**COLLECTED DATA:**
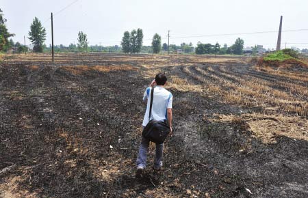“這個(gè)村地里留下的秸稈,不敢說(shuō)是100%,至少90%都是燒了的。”一正在地里插秧的村民告訴記者,幾天前他就將地里的秸稈全部燒了,清理完畢后,在地里灌上水準(zhǔn)備插秧。“收割機(jī)收完麥子后,還有半茬樁子留在地里,弄起來(lái)太麻煩,一把火燒了干凈。”
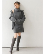 たっぷりとボリュームのあるタートルで、顔まわりを華やかに演出するタートルネックのノースリミニニットワンピースがお目見え。ボディラインに程よくフィットしたリブニットデザインで、ウエスト部分は強調、ヒップ周りはあたり感が出ないようサイズ感を計算して仕上げているので、スタイルアップ効果も抜群です。編地はもっちりと柔らかい糸を使用し、微配色のもく糸同士を組み合わせることで色に奥行きを出しています。同色・共糸を使用しているカーディガン(SWNT254244)との合わせもおすすめ。
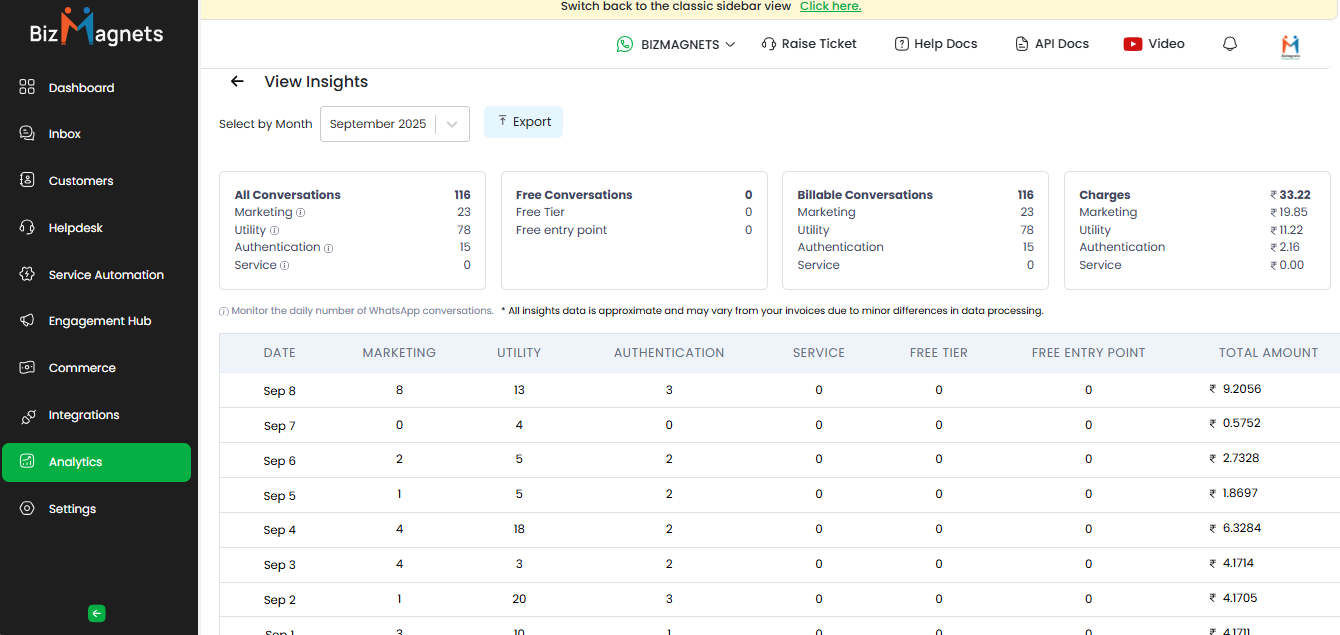 You can access valuable metrics that offer insights into user engagement, message delivery, and response patterns from BizMagnets.

**EXERCISE DESCRIPTION:**
When you retype the material above, copy each line exactly and drop whatever images appear in it.

**ANSWER SECTION:**
“這個(gè)村地里留下的秸稈,不敢說(shuō)是100%,至少90%都是燒了的。”一正在地里插秧的村民告訴記者,幾天前他就將地里的秸稈全部燒了,清理完畢后,在地里灌上水準(zhǔn)備插秧。“收割機(jī)收完麥子后,還有半茬樁子留在地里,弄起來(lái)太麻煩,一把火燒了干凈。”
 たっぷりとボリュームのあるタートルで、顔まわりを華やかに演出するタートルネックのノースリミニニットワンピースがお目見え。ボディラインに程よくフィットしたリブニットデザインで、ウエスト部分は強調、ヒップ周りはあたり感が出ないようサイズ感を計算して仕上げているので、スタイルアップ効果も抜群です。編地はもっちりと柔らかい糸を使用し、微配色のもく糸同士を組み合わせることで色に奥行きを出しています。同色・共糸を使用しているカーディガン(SWNT254244)との合わせもおすすめ。
 You can access valuable metrics that offer insights into user engagement, message delivery, and response patterns from BizMagnets.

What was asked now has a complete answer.